The Venus of Willendorf, an 11.1-cm- (4.4-inch) tall Venus figurine estimated to have been made 30,000 BCE, in Naturhistorisches Museum in Vienna, Austria. Image credit: Bjørn Christian Tørrissen / CC BY-SA 4.0.

Early modern humans entered Europe during a warming period about 48,000 years ago.

Known as Aurignacians, they hunted reindeer, horses and mammoths with bone-tipped spears. In summer they dined on berries, fish, nuts and plants. But then, as now, the climate did not remain static.

As temperatures dropped, ice sheets advanced and disaster set in. During the coldest months, temperatures plunged to 10-15 degrees Celsius (50-59 degrees Celsius). Some bands of hunter gatherers died out, others moved south, some sought refuge in forests. Big game was overhunted.

It was during these desperate times that the Venus figurines appeared. They range between 6 and 16 cm (2.4-6.3 inches) in length, and were made of stone, ivory, horn or occasionally clay.

They often show realistic features of obesity despite the accepted view that obesity was rare among these peoples.

Most figurines are also naked, or nearly so, which seems ironic for their proximity to the glaciers. They also focus on the torso and sexual features, and the head is typically faceless with small arms and no feet.

Many figurines are in or near childbearing years, with some appearing pregnant and others showing abdominal obesity or expanded fat in the buttocks, suggestive of overnutrition.

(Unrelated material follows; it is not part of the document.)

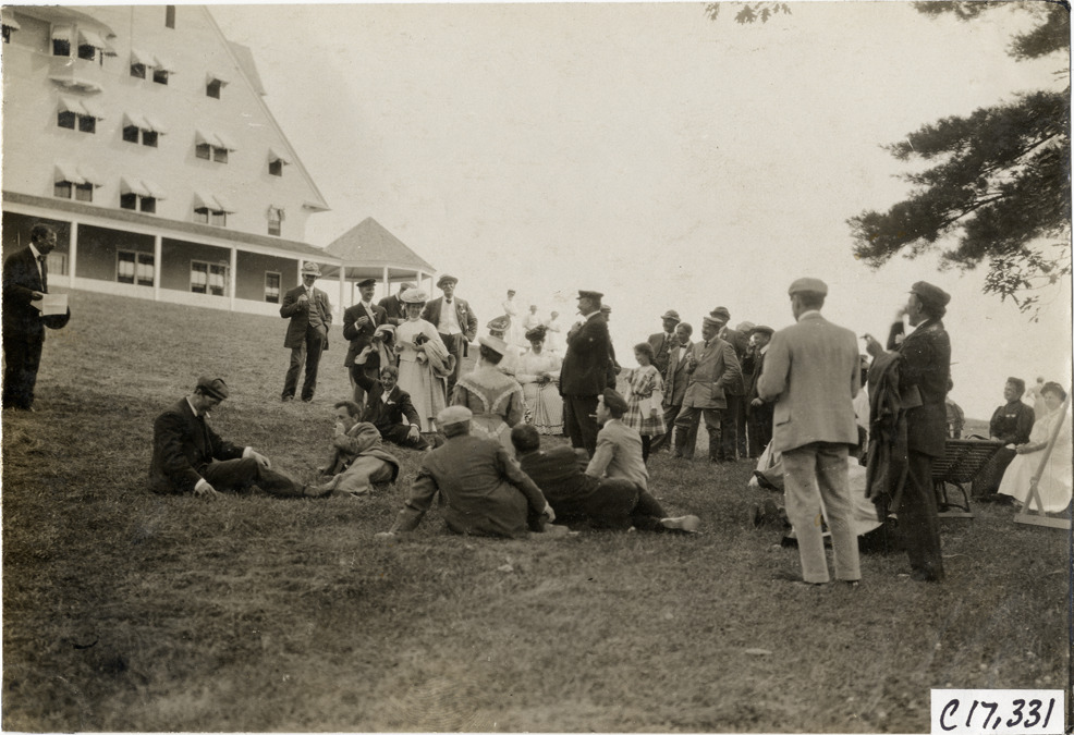 Men, women and children on lawn in front of Bay of Naples Inn, 1906 Boston to Bretton Woods Tour
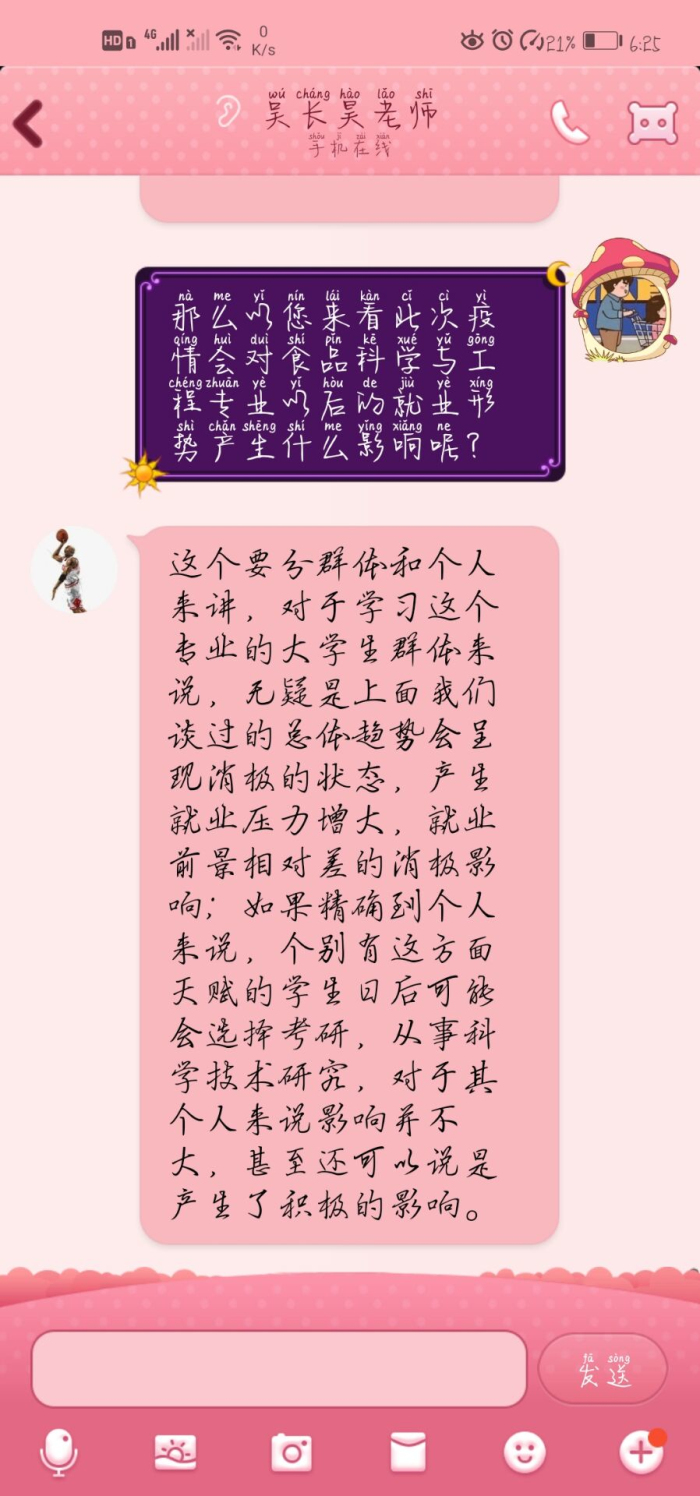 为深入学习贯彻习近平新时代中国特色社会主义思想,引导青年学生走出校园、了解国情。结合当前疫情防控实际,7月15日--22日,生工学院就业形势调研团在线上进行了食品科学与工程专业就业形势云调研活动。吴长昊担任指导老师,共3名志愿者参与此次实践活动。

A few figures of women are on the verge of puberty, and occasional figurines of middle-aged women are known. However, obesity is restricted to female figurines, as the known male figurines are elongated and slender

That the figurines with obesity are always women, of which some are pregnant, has led to the long-standing interpretation that the figurines represent fertility or beauty — hence the general adoption of the term Venus figurines.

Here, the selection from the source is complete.